* [What the task asks] For any picture in the lines below, please leave it out and copy the rest exactly.

* [Data section]
----

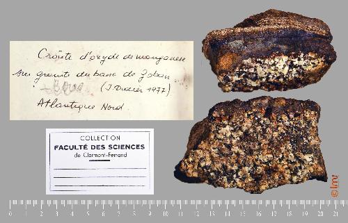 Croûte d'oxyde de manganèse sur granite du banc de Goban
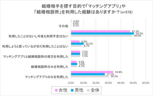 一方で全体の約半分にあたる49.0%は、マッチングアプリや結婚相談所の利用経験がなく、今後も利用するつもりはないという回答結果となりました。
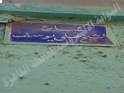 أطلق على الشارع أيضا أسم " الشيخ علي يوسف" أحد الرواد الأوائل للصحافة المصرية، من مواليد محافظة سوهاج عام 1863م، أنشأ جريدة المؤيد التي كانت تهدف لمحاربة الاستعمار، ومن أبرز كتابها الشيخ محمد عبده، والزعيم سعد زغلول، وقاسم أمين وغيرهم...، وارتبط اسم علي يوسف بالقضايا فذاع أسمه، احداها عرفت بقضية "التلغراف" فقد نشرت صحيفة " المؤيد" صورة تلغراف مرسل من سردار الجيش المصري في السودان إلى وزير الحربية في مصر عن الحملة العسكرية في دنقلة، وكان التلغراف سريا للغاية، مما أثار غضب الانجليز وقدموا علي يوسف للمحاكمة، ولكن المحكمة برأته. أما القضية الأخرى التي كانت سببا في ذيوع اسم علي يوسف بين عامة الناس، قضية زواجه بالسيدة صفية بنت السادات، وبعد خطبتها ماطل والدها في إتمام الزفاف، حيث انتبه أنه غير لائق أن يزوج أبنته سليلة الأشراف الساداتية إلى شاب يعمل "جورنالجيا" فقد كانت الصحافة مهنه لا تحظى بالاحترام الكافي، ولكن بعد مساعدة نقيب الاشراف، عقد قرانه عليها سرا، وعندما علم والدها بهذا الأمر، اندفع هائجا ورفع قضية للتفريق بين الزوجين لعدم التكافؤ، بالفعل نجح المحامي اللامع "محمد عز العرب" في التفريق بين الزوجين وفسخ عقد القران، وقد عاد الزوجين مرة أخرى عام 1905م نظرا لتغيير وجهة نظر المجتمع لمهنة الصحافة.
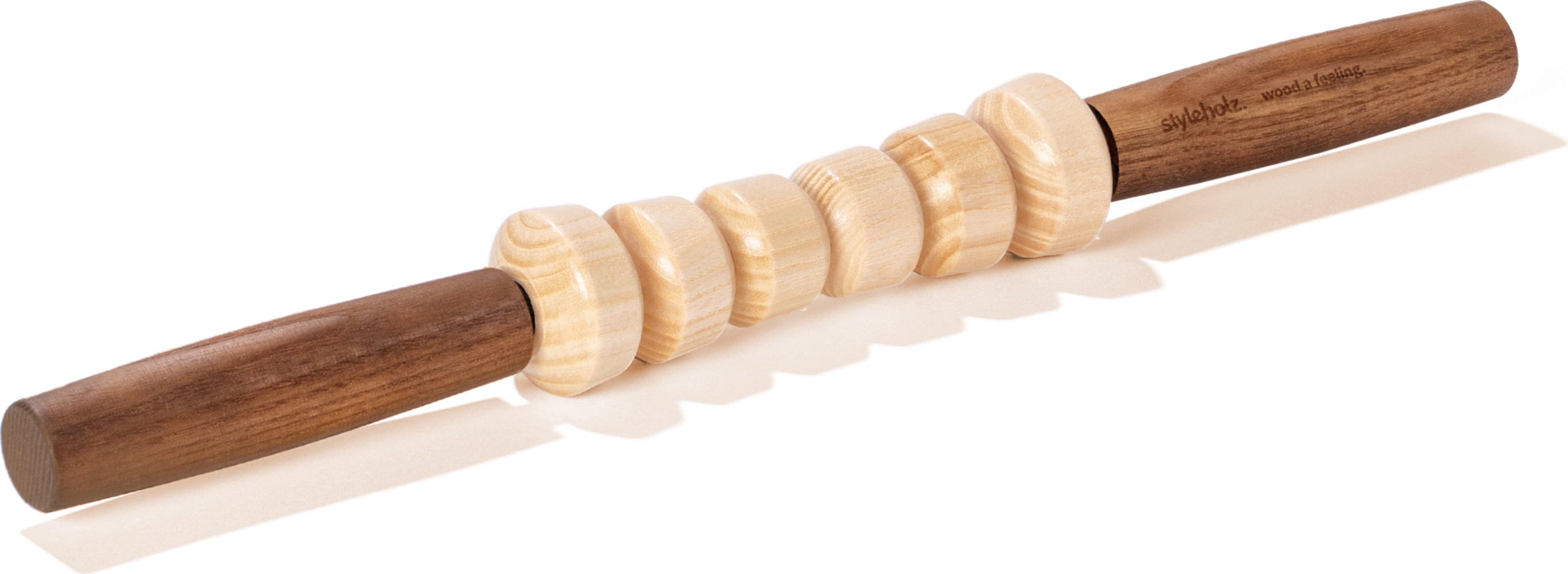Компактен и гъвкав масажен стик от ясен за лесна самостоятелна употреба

----

* [Your response]
 Croûte d'oxyde de manganèse sur granite du banc de Goban
 一方で全体の約半分にあたる49.0%は、マッチングアプリや結婚相談所の利用経験がなく、今後も利用するつもりはないという回答結果となりました。
 أطلق على الشارع أيضا أسم " الشيخ علي يوسف" أحد الرواد الأوائل للصحافة المصرية، من مواليد محافظة سوهاج عام 1863م، أنشأ جريدة المؤيد التي كانت تهدف لمحاربة الاستعمار، ومن أبرز كتابها الشيخ محمد عبده، والزعيم سعد زغلول، وقاسم أمين وغيرهم...، وارتبط اسم علي يوسف بالقضايا فذاع أسمه، احداها عرفت بقضية "التلغراف" فقد نشرت صحيفة " المؤيد" صورة تلغراف مرسل من سردار الجيش المصري في السودان إلى وزير الحربية في مصر عن الحملة العسكرية في دنقلة، وكان التلغراف سريا للغاية، مما أثار غضب الانجليز وقدموا علي يوسف للمحاكمة، ولكن المحكمة برأته. أما القضية الأخرى التي كانت سببا في ذيوع اسم علي يوسف بين عامة الناس، قضية زواجه بالسيدة صفية بنت السادات، وبعد خطبتها ماطل والدها في إتمام الزفاف، حيث انتبه أنه غير لائق أن يزوج أبنته سليلة الأشراف الساداتية إلى شاب يعمل "جورنالجيا" فقد كانت الصحافة مهنه لا تحظى بالاحترام الكافي، ولكن بعد مساعدة نقيب الاشراف، عقد قرانه عليها سرا، وعندما علم والدها بهذا الأمر، اندفع هائجا ورفع قضية للتفريق بين الزوجين لعدم التكافؤ، بالفعل نجح المحامي اللامع "محمد عز العرب" في التفريق بين الزوجين وفسخ عقد القران، وقد عاد الزوجين مرة أخرى عام 1905م نظرا لتغيير وجهة نظر المجتمع لمهنة الصحافة.
Компактен и гъвкав масажен стик от ясен за лесна самостоятелна употреба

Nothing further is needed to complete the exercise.